What Are the Consequences of Using Uncertified Equipment?
Operating uncertified radio transmitting equipment in Sri Lanka is not a grey area. Under the Telecommunications Act, operating a radio transmitter without proper authorisation — or operating equipment that causes harmful interference — is an offence. Consequences can include:
- Confiscation of equipment by TRCSL
- Fines and/or prosecution
- Revocation of your amateur radio licence (for licensed operators found to be causing interference)
- Liability for interference caused to other services, including safety-of-life services
Beyond the legal dimension, the reputational damage to the amateur radio community from being associated with spectrum pollution is something we should all take seriously.
Why This Matters Especially in Sri Lanka
Sri Lanka’s spectrum is managed within a relatively small geographic footprint, and interference propagates. A poorly operating CB radio in Colombo can cause havoc on a repeater output in Kandy. An uncertified handheld with harmonics on 70 cm can bleed into services operating nearby.
More critically, amateur radio in Sri Lanka plays a direct role in disaster communications.

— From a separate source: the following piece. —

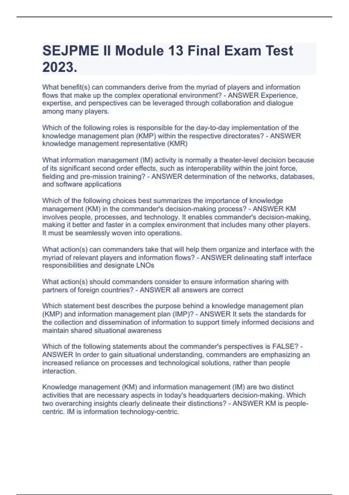 SEJPME II Module 13 Final Exam Test 2023. What benefit(s) can commanders derive from the myriad of players and information flows that make up the complex operational environment? - ANSWER Experience, expertise, and perspectives can be leveraged through collaboration and dialogue among many players. Which of the following roles is responsible for the day-to-day implementation of the knowledge management plan (KMP) within the respective directorates? - ANSWER knowledge management representative (KMR) What information management (IM) activity is normally a theater-level decision because of its significant second order effects, such as interoperability within the joint force, fielding and pre-mission training? - ANSWER determination of the networks, databases, and software applications Which of the following choices best summarizes the importance of knowledge management (KM) in the commander's decision-making process? - ANSWER KM involves people, processes, and technology. It enables commander's decision-making, making it better and faster in a complex environment that includes many other players. It must be seamlessly woven into operations. What action(s) can commanders take that will help them organize and interface with the myriad of relevant players and information flows? - ANSWER delineating staff interface responsibilities and designate LNOs What action(s) should commanders consider to ensure information sharing with partners of foreign countries? - ANSWER all answers are correct Which statement best describes the purpose behind a knowledge management plan (KMP) and information management plan (IMP)? - ANSWER It sets the standards for the collection and dissemination of information to support timely informed decisions and maintain shared situational awareness Which of the following statements about the commander's perspectives is FALSE? - ANSWER In order to gain situational understanding, commanders are emphasizing an increased reliance on processes and technological solutions, rather than people interaction. Knowledge management (KM) and information management (IM) are two distinct activities that are necessary aspects in today's headquarters decision-making. Which two overarching insights clearly delineate their distinctions? - ANSWER KM is people-centric. IM is information technology

RSSL has a long-standing relationship with the Disaster Management Centre (DMC) and maintains EmComm capability precisely because licensed, trained operators with clean, reliable equipment can provide communications when other infrastructure fails. Spectrum pollution — particularly from uncertified equipment — degrades the reliability of that capability when it matters most.
RSSL’s Position: Spectrum Protection Is Not Optional
The Radio Society of Sri Lanka, as the IARU Member Society for Sri Lanka, is formally committed to the protection of the amateur radio spectrum and to upholding the standards that make spectrum sharing possible. This is not a bureaucratic position — it is a founding principle of organised amateur radio worldwide.
RSSL stands firmly by the International Telecommunication Union’s framework and IARU’s spectrum defence policies. We encourage every licensed operator in Sri Lanka to:
- Know your equipment — understand what you’re transmitting and whether it’s within specification
- Buy wisely — favour certified, reputable equipment over unverified bargains
- Set an example — the amateur community has always been a model of responsible spectrum use; let’s keep it that way
Report Suspected Interference or Uncertified Equipment
If you encounter persistent interference that you suspect is caused by uncertified or malfunctioning equipment — whether on the amateur bands or elsewhere — please report it. You can reach RSSL through our Contact Us page, and we will assist in escalating to the relevant authorities where appropriate.
Protecting the spectrum is a collective responsibility. We’re all in this together.